EDMUND SPENSER 1553-1599

Previous
Grosart’s Life
of Spenser
.
*

“But of Edmund Spenser we have inestimable portraits. In the first rank must be placed the miniature now in the inherited possession of Lord Fitzhardinge. It was a gift to the Lady Elizabeth Carey (Althorp Spenser), heiress of the Hunsdons, to whom it was left by Queen Elizabeth. It thus came with an indisputable lineage through the marriage of a Berkeley to Lady Elizabeth Carey. It is an exquisitely beautiful face. The brow is ample, the lips thin but mobile, the eyes a grayish-blue, the hair and beard a golden red (as of ‘red monie’ of the ballads) or goldenly chestnut, the nose with semi-transparent nostril and keen, the chin firm-poised, the expression refined and delicate. Altogether just such ‘presentment,’ of the Poet of Beauty par excellence as one would have imagined. To be placed next is the older face of the Dowager Countess of Chesterfield. It is identically the same face. But there is more roundness of chin, more fulness or ripening of the lips (especially the under), more restfulness. There is not the ‘fragile’ look of the Fitzhardinge miniature. Hair and eyes agree with the miniature. The only other with a pedigree or sufficiently authenticated,—not mere ‘copies,’ such as those at Pembroke College,—is the very remarkable one that came down as a Devonshire heirloom to the Rev. S. Baring Gould, M.A., with a companion of Sir Walter Raleigh.
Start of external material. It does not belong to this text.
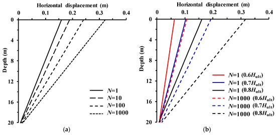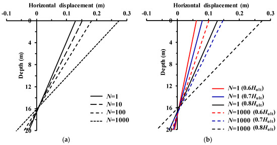 Evolution of the displacement of the pile as the development of a cyclic process (single-cylinder): (a) number of cycles (H = 0.8 Hult); (b) horizontal load amplitudes.

“Both have been in the family beyond record. This shows the poet in the full strength of manhood. It is a kind of three-quarter profile, and as one studies it, it seems to vindicate itself as ‘our sage and serious Spenser.’ Again, hair and eyes agree with the others. The Spaniard’s haughty face, for long engraved and re-engraved, ought never to have been engraved as Spenser. There is not a jot or tittle of evidence in its favour. It is an absolutely un-English, and palpably Spanish face, and an impossible portrait of our Poet.”

Payne Collier’s
Life of Spenser.
*

“Several portraits of Spenser are in existence; but it is difficult to settle the degree of authenticity belonging to them. The late Mr. Rodd, of Newport Street, had a miniature of the poet in his possession in 1845, and perhaps afterwards, which corresponded pretty exactly with the ordinary representations, but what became of it is not known to us. The features were sharp and delicately formed, the nose long, and the mouth refined; but the lower part of the face projected, and the high forehead receded, while the eyes and eyebrows did not very harmoniously range.”

Aubrey’s Lives of
Eminent Men
.
*

“Mr. Beeston sayes he was a little man, wore short haire, little band, and little cuffs.”